How is the first point drawn on the plane of mathematics? How does the first quantitative relationship arise on this artificial topography that we draw in our mind's eye, and then point to in our subsequent development of mathematics, logic, and functional explanations in natural science? Deleuze shows us his ripe and robust life, when he concentrates on uncovering the infinite flexibility of the virtual unfolding that makes the first drawing on the mathematical plane possible. The qualitative and invisible flashing flexibility makes possible the first choice of where the line, relationship, logical set, explanatory mapping, tracing, and so on, will be present and frozen in space. Space is created out of this pure etheric fluid that is freed after adolescence of its role in shaping and growing the human physical body. But space is therefore a representational projection on the invisible canvas that we draw on, generally without seeing its contours. Moving in space as a will-being is totally different than projecting vector lines on a grid. The idea of space blocks the real experience of spiritual willing.
That is why Deleuze can say that the pure bend, the twisting virtual curves of intensity, the clinamen is not in the world, but it is the world itself. We should add, it is fashioned out of the forces of dying insofar as they are stitched into the memory plane and the plane of space in our representational canvas. For this reason alone, what is stitched with mathematical precision on the gameboard of this plane is not totally true, because it is made out of killing the living wisdom that flows all around us, or in which we are continuously flowing - the spiritual world, made up of beings who carry their moods from different regions of starry wisdom, in wholeness. This never-ending play of possible life, the fluid of potential points that are not-yet drawn (les inflexions) is thus, between dimensions (Deleuze quotes Klee's notions of modern art in 'Le Pli'). It is pure event, this elastic proto-point, proto-curve.

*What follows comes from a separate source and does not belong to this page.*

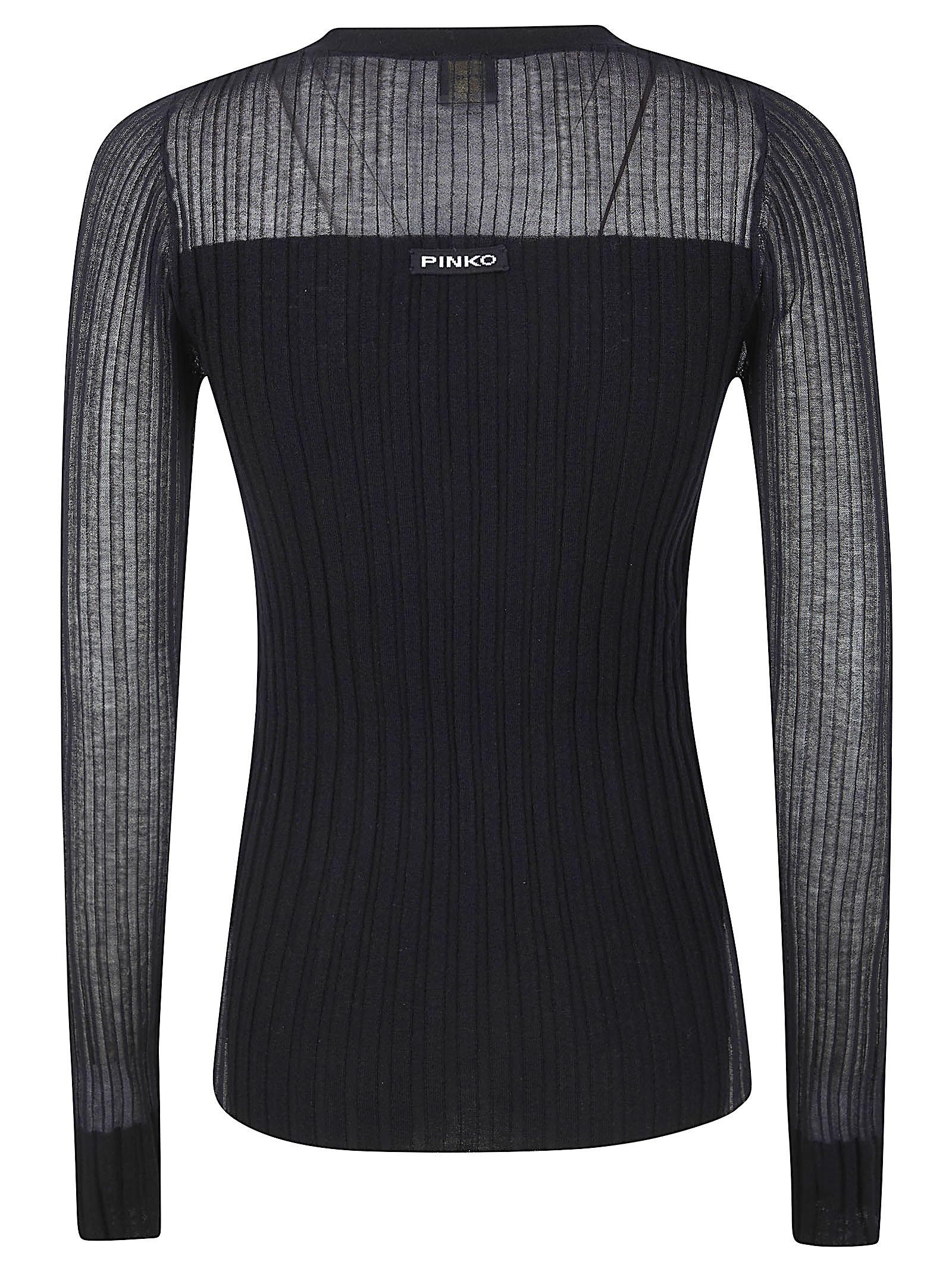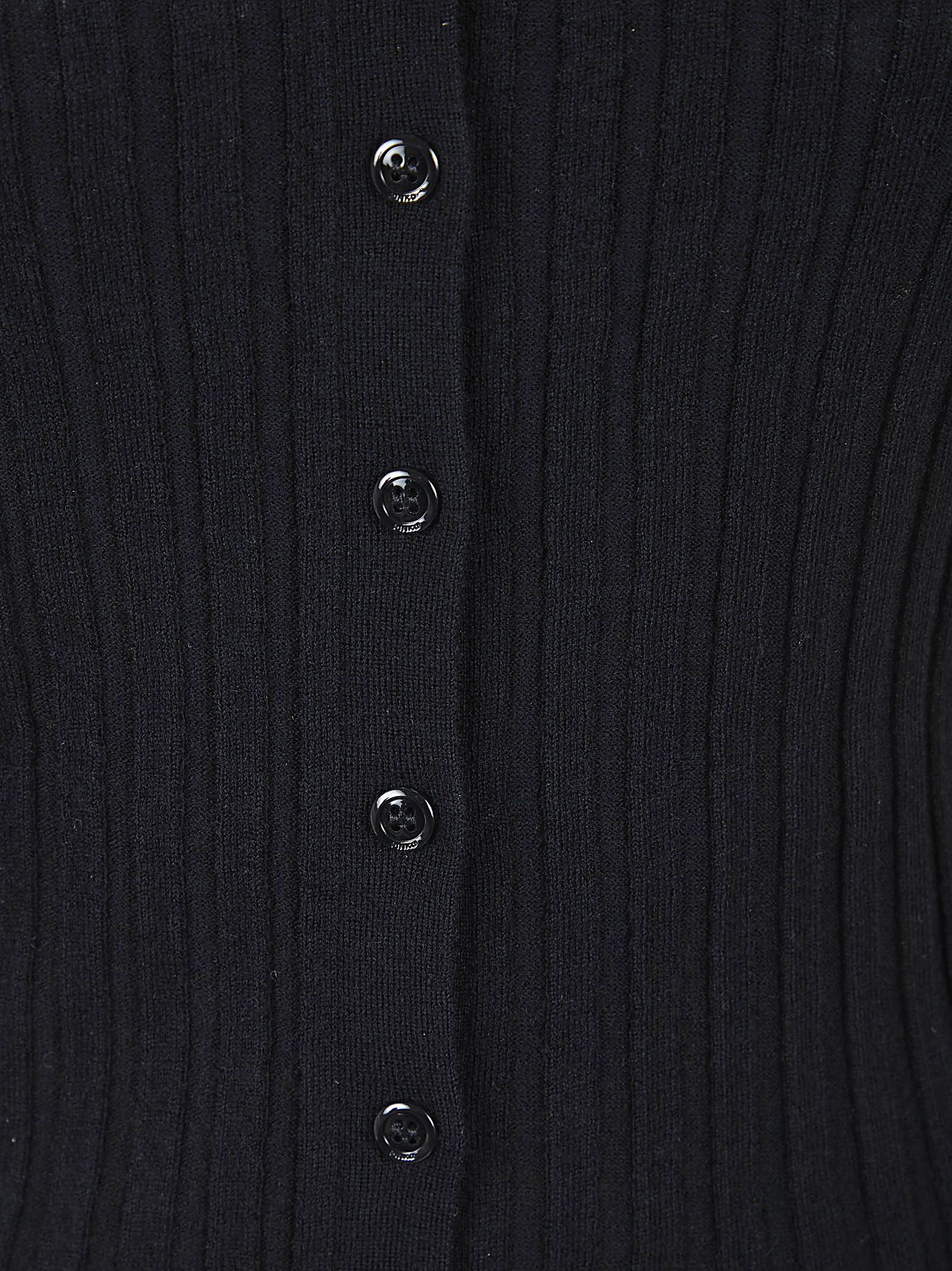 Cardigan in morbida e leggera maglia di misto lana, seta e cashmere, lavorato a coste di PINKO.Scollo a V; chiusura frontale con bottoni; design vestibilità aderente che segue le forme del corpo. Caratterizzato da etichetta con logo lettering PINKO in jacquard sul retro.

This is why Brouwer, Heyting, and Cantor require the infinite at the first moment of the intuition of the plane of mathematics - the qualitative multiplicity of life, created out of the dying part of the ether body, as is shown by Rudolf Steiner, is infinitely divisible (and thus can create any possible configuration); it is also infinitely productive, and its life is never exhausted (when it is connected to the infinite spiritual source of all life). This is also the reason why the pure velocities, pure differences, pure changes in direction are approximated only in calculus: pure change would have to freeze absolutely in order to be calculated and pinned onto the plane, but this would mean that velocity would have to stop in order to show itself on the plane - a self-contradiction in the concepts themselves. For this reason, the nature of the plane of life cannot be 'proved' by using the canvas itself. You can only prove to yourself the limits and the nature of the etheric canvas, where the mathematical plane is organized by historical concepts whose lines remain in memory, time, and of constant length. You can only prove it to yourself, when you see it through intuition.
But this is not the end of the process! Outside the canvas or the pure elasticity lies the breath of the moral and astral plane, and furthermore, the spiritual world itself. This means that I must also awaken to the moral reality and responsibility of the construction of the mathematical plane itself (by killing and abstraction), and also the infinite life of the Spirit-I who wakes up and sees its activity in dimensions that leave this mathematical grid behind. Then we can live in Imaginations which are themselves world-time realities, that have an infinite life and can think with moral, creative, spirit-thought, which holds the source of mathematics, life, and much more. But here we must weave with real spiritual beings of all kinds, who bypass the pure abstract concerns of projectors onto the plane of representations. This requires awakening the heart as a perceptive-thinking organ.